McCue’s team found a microchip implanted in the dog. This was no stray, the device revealed. Her name was Cedar. She had a family thousands of miles away in Florida. The vet called Balasky Animal Hospital in Davie and the Broward County Humane Society.

They found the Petersons, and one more call was placed.

“I immediately cried,” Tamara Peterson told The Miami Herald. “I couldn’t believe it. I was in shock. It’s almost two years to the day.”

Animal rescuer Cathi Perez flew to Colorado last week. She drove Cedar seven hours to Kansas City where the dog hopped on a plane bound for balmy Ft. Lauderdale. On Saturday afternoon, she landed.

There to welcome her on the tarmac was her long-lost family. The Peterson children greeted their German Shepherd with long-overdue strokes to her chest and neck as Cedar looked around and shook her body.

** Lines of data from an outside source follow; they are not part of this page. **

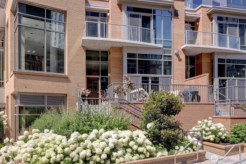 Elevated living in this remodeled Downtown Bellevue townhome with elevator! Recent updates include quartz countertops/backsplash, refinished premium cabinetry, new linear gas fireplace and tile wall & new heat pump. Primary bath remodeled with new tile, shower & quartz counters. Primary closet upgraded with TV mirror, new wood floors + custom built-in's. New modern chandeliers/sconces. Spacious great room with high ceilings + automated shades lead to private, sunny patio. Oversized private 2-car garage + expansive storage & "secret" closet. Concrete and steel construction. Access to 24 hour concierge, owner’s lounge, gym, locker rooms & spa! Walk to world-class shopping, restaurants, Amazon, waterfront park, and all the best of Bellevue.
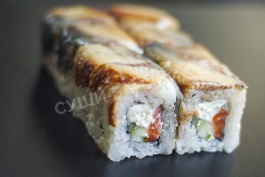 Нори, рис, сыр креметте, лосось, огурец, авокадо, угорь, соус унаги, кунжут.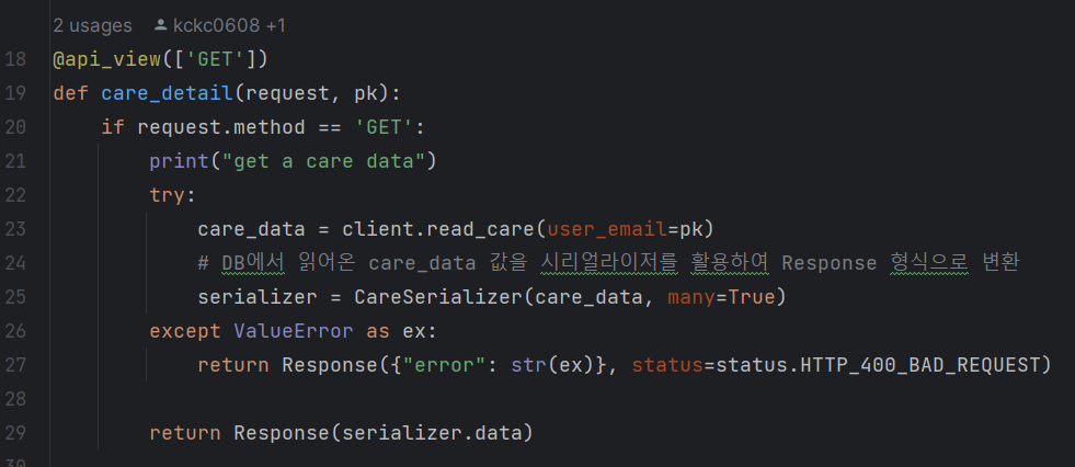 나는 DB에서 데이터를 가져오는 코드를 작성하였고, 다른 백엔드 팀원은 가져온 데이터를 응답 형태에 맞게 바꾸는 시리얼라이저 코드를 작성하였다.

At first, Tamara Peterson didn’t think the dog would remember them. After all, it had been two years and the family had just gotten the puppy when she vanished.

But Cedar appeared to recognize them. And the Petersons’ other dogs seemed to recognize their former pack-mate as well.

“She’s resting,” Tamara Peterson said. “I think she’s acclimating to the pack. I think the pack remembers her.”

Tamara Peterson credited God and the microchip for her dog’s long-awaited return. The family had prayed for Cedar to come home, and Tamara Peterson told The Herald she would absolutely call the reunification an Easter miracle.

Wings of Rescue couldn’t agree more.

“Miracles do happen,” the group wrote in a Facebook post. “Especially when you microchip your pet(s)!”

Now, the family plans a little celebration to commemorate Cedar’s homecoming.

“We’ll have a little homecoming pool party or whatever she wants,” Peterson said.